LLM Sub-system Breakdown¶
This architectural breakdown reveals that the LLM system under test has multiple analyzable components:
- Chat Templates: Model-specific prompt formatting affecting performance
- Tokenizers: Text↔token conversion with distinct frequency signatures
- Inference Engines: The actual model parameters and architecture
- Sampling Strategies: Temperature, top-p, and other generation controls
Each of these contributes to the performance of the overall system and must be understood to make sure we are really measuring what we think we are!
Statistics, without Lies¶
At the core of this system is the idea that we need to understand if we have generated enough samples to achieve statistically significant results. It turns out several corrections are necessary!
Truncation Removal and Token Counts¶
Truncations are not errors in task output; they are a distinct KPI representing failures to complete the task due to context limits and are handled specially:
- Truncated responses are removed from accuracy calculations (not counted as failures)

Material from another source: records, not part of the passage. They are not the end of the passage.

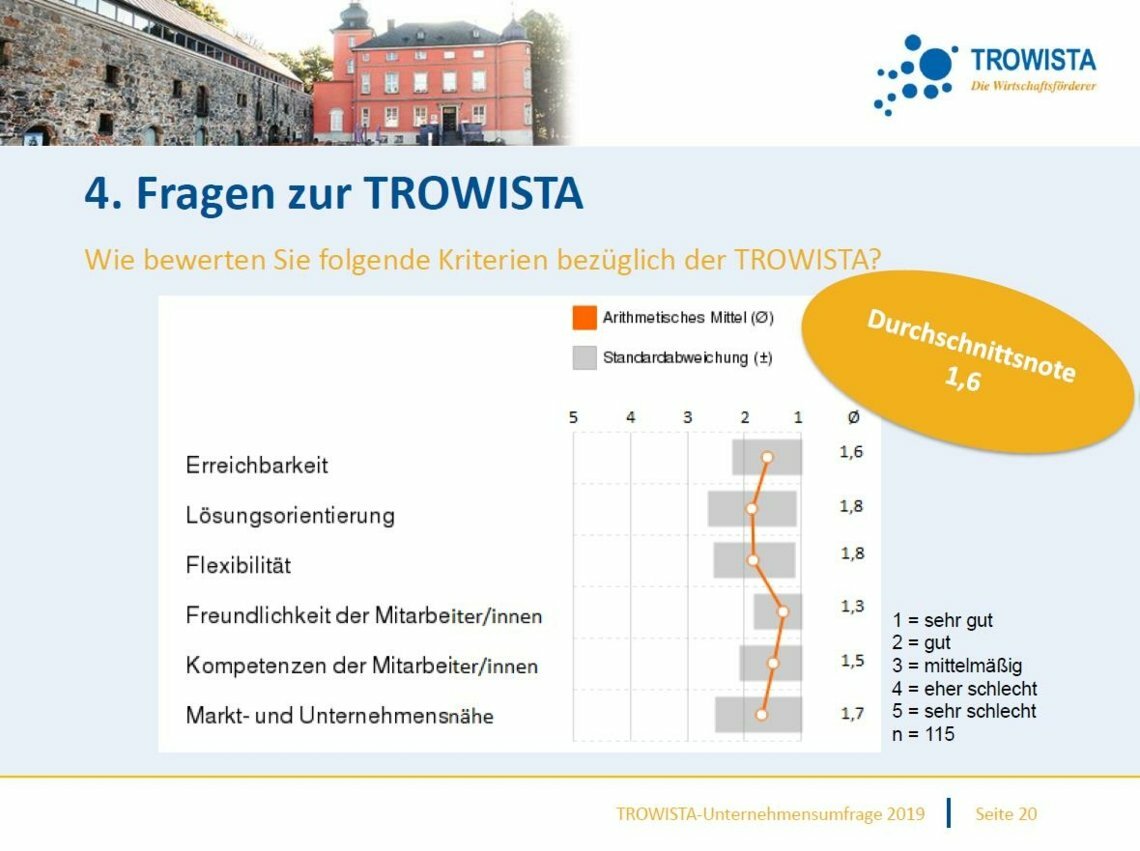 Mit einer glatten 2,0 bewerteten Troisdorfer Unternehmen ihren Wirtschaftsstandort. In einer Umfrage der Wirtschaftsförderungsgesellschaft TROWISTA wurden 778 Unternehmensvertreter u.a. um die Bewertung des Standortes gebeten, von denen sich 124 an der Befragung beteiligten.
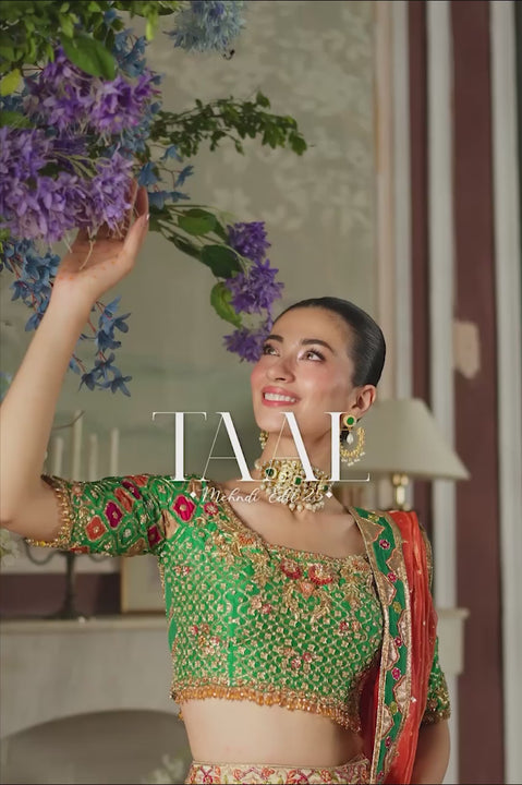 Step into timeless elegance with this pure raw silk blouse in a deep, regal green, brought to life through intricate hand embroidery blending floral and geometric motifs. Delicately crafted tassels cascade along the bodice, adding graceful movement, while statement tassels at the back lend a playful yet sophisticated charm. The blouse is paired with a charmeuse silk lehenga, featuring a vibrant medley of colors and artistic patterns that swirl across the fabric like brushstrokes. A meticulously finished border outlines the hem, adding a refined structure to the fluid silhouette. Completing the ensemble is a zari organza dupatta, designed in a bold contrast of orange and green. It glows with delicate sequin work scattered throughout, and a beautifully finished border that adds definition and sparkle—perfectly tying together tradition and contemporary flair.
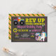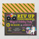 The playful headline “Rev up your engines for a magical birthday party” sets an exciting and cheerful tone that both kids and parents will love. The chalkboard-style background, bright accents, and clean open layout make this invitation easy to customize with names, ages, date, time, and party details.
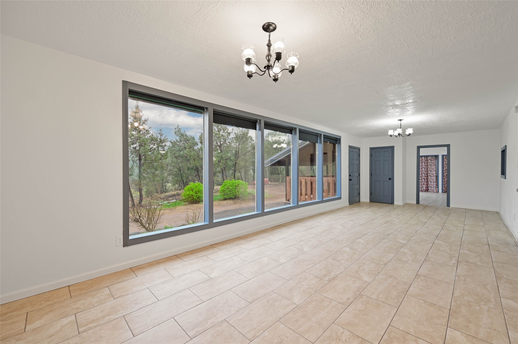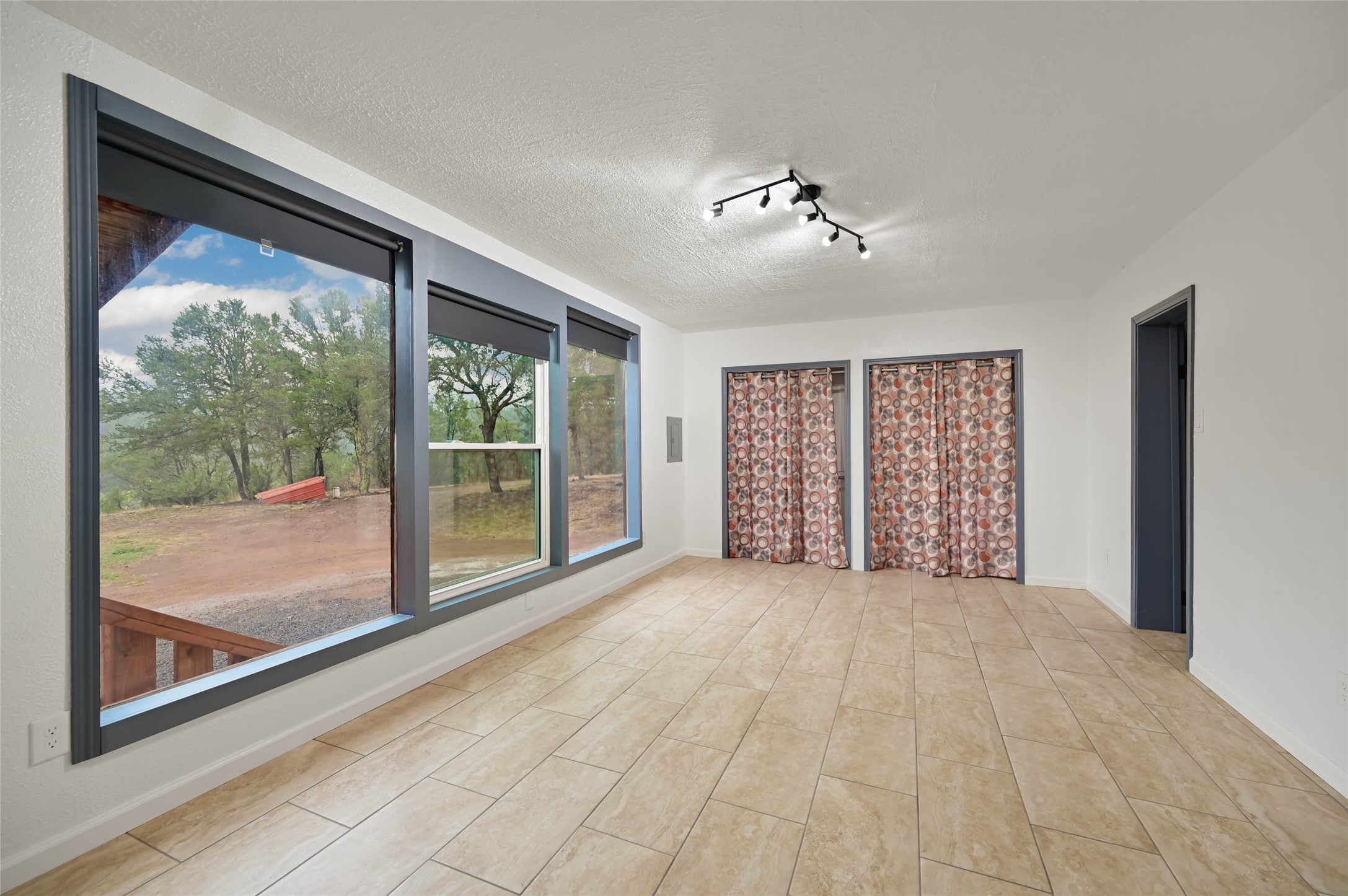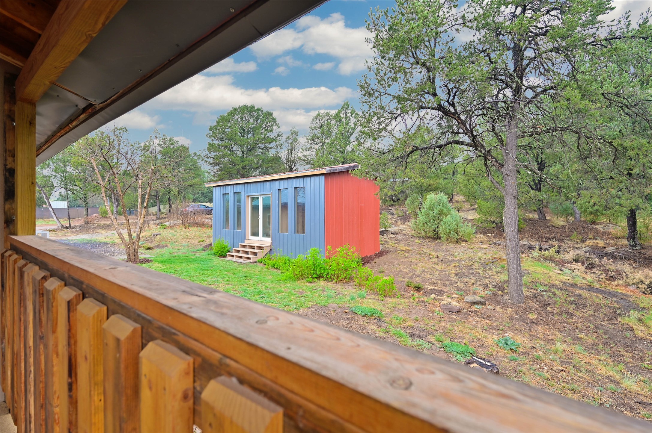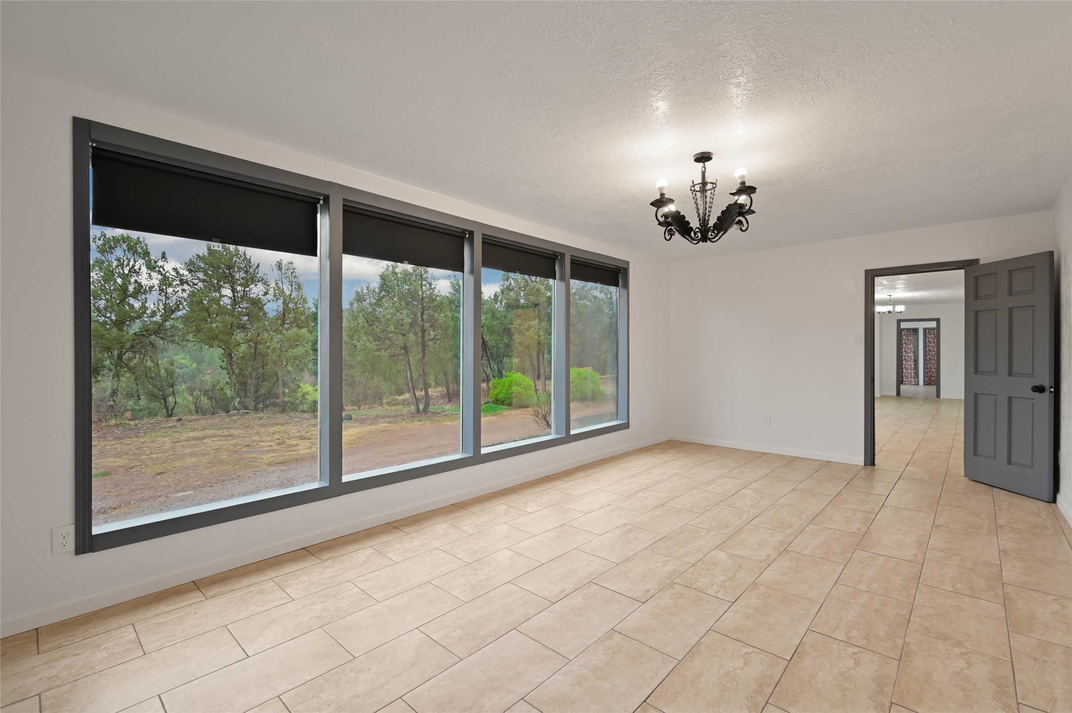 Captivating 3 bed, 2 bath retreat on 1.7 acres -- 5 Tortolita Lane, Glorieta, NM. Light- filled rooms framed by giant windows bring the trees and surrounding mountains inside, creating a serene, peaceful atmosphere. Thoughtfully refreshed and move in ready, the home offers generous living spaces, the security and privacy of a gated entrance and private well. Enjoy quiet country living with easy access to culture and dining -- just 26 minutes to downtown Santa Fe. Beautifully sited, well priced, and brimming with tranquility and views
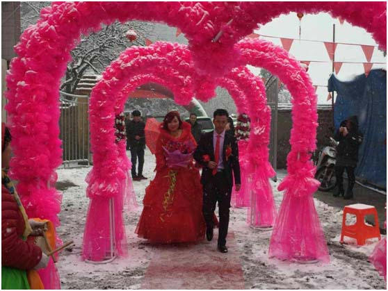 工作人員冒雪為氣管站閆家慧舉行婚慶

- Truncation rates are tracked separately as a quality metric
- Higher truncation rates increase confidence intervals but preserve accuracy measurement
- Models with high truncation rates may need context expansion or different sampling parameters
Token Counts and histograms are separately computed for correct and incorrect answers.

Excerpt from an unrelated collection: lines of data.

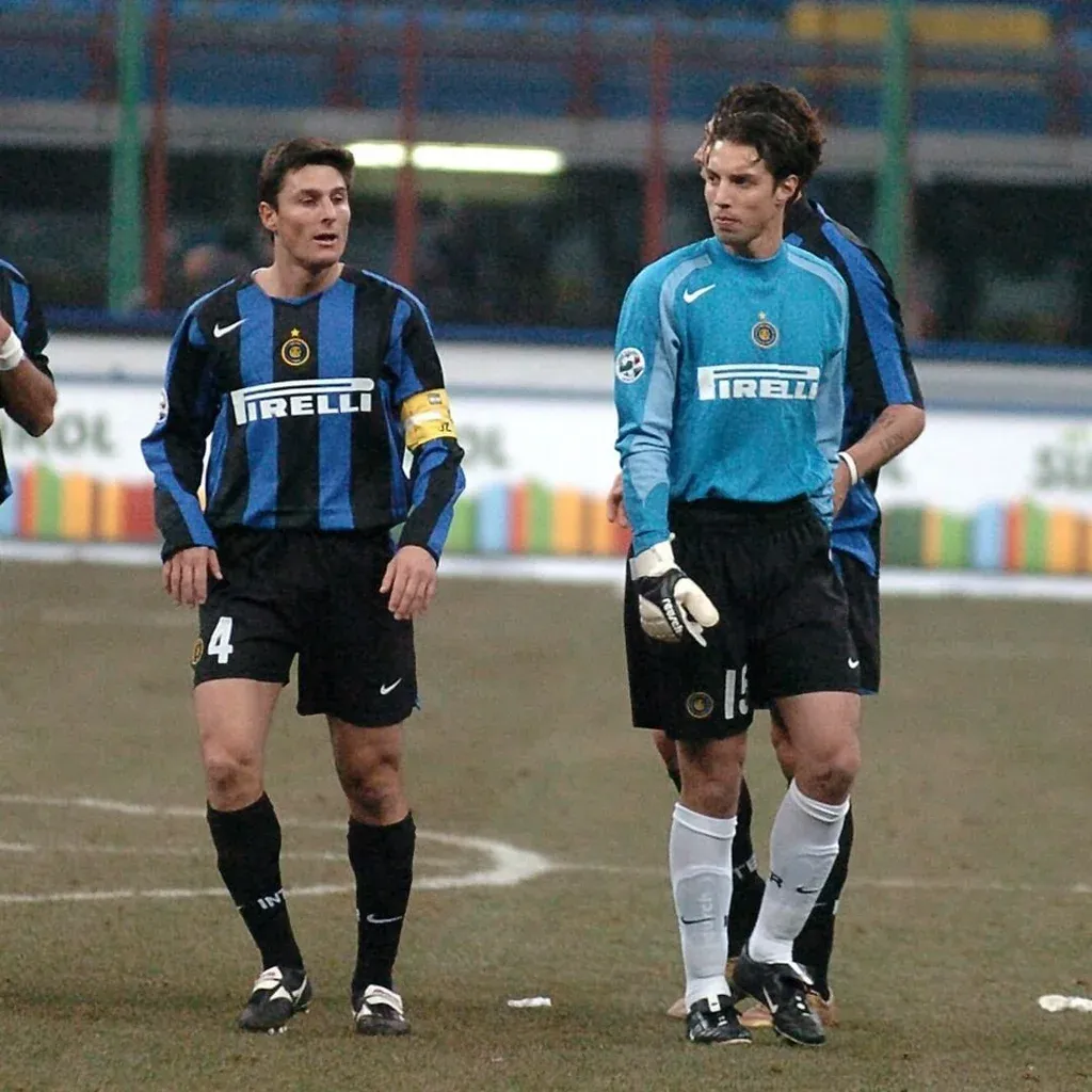 Javier Zanetti, un histórico de Internazionale de Milán, en un partido junto a Fabián Carini
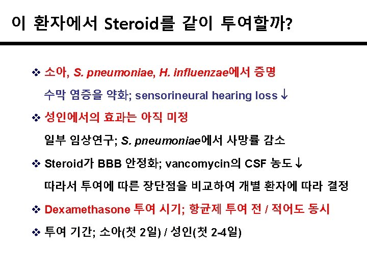 S. pneumoniae meningitis의 항균제 CSF, blood: S. pneumoniea 동정 PCN MIC 0. 03 (S), Ceftriaxone MIC 0. 5 (S) Penicillin MIC Standard therapy 0. 06 g/m. L (S) Penicillin 0. 06 -1. 0 g/m. L (I) Cefotaxime or ceftriaxone ≥ 2. 0 g/m. L (R) Vancomycin plus (Cefotaxime or ceftriaxone) Tunkel AR, et al. Clin Infect Dis 2004; 39: 1267 -84
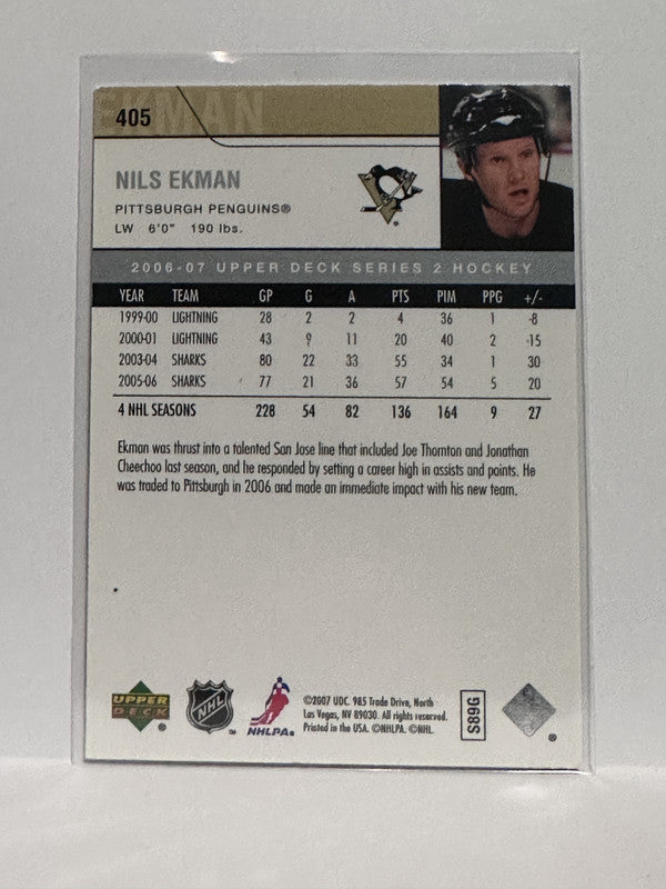 #405 Nils Ekman Pittsburgh Penguins 06-07 Upper Deck Hockey Card

See Also: evaluate.py for implementation details of truncation handling and token analysis.
Excess Accuracy Correction with 95% CI¶
Traditional benchmarks suffer from guessing inflation - a model that randomly selects from 4 multiple choice options appears to achieve 25% accuracy despite having zero knowledge. This creates two critical problems:
- Baseline Confusion: Is 60% accuracy actually 60% knowledge or 35% knowledge + 25% luck?
- Task Comparison: Binary tasks (50% guess rate) and 8-option tasks (12.5% guess rate) can't be meaningfully compared
ReasonScape applies excess accuracy correction by directly removing expected guessing contributions from the success and trial counts before computing confidence intervals.
For each test sample, the guess probability is determined by the response format:
guess_chance = 1/n where n = number of valid options (multiple choice)
guess_chance = 0 for write-in tasks (no guessing possible)
For each evaluation batch:
- Compute guess probability for each sample:
guess_chance = 1/len(response_enum)(or 0 if no enum) - Sum expected guessing successes:
guess_accumulator = Σ(guess_chance)across all samples - Compute adjusted metrics:
adjusted_successes = correct - guess_accumulatoradjusted_trials = total - guess_accumulator- Compute 95% Wilson confidence intervals on the adjusted values
- Report excess-accuracy-adjusted Wilson interval where 0.000 = "no better than guessing" and 1.000 = "perfect knowledge"
This direct subtraction approach enables fair comparison across different question formats and prevents gaming through easier task selection.
See Also: evaluate.py:compute_bucket_stats() for the statistical implementation and Tools Overview for usage examples.
Dynamic CI with Truncation Awareness¶
The execution environment supports a target CI that will continue to generate additional tests in batches until this CI is reached or a safety limit is hit. This allows optimal allocation of compute resources to points on the manifold that would benefit the most!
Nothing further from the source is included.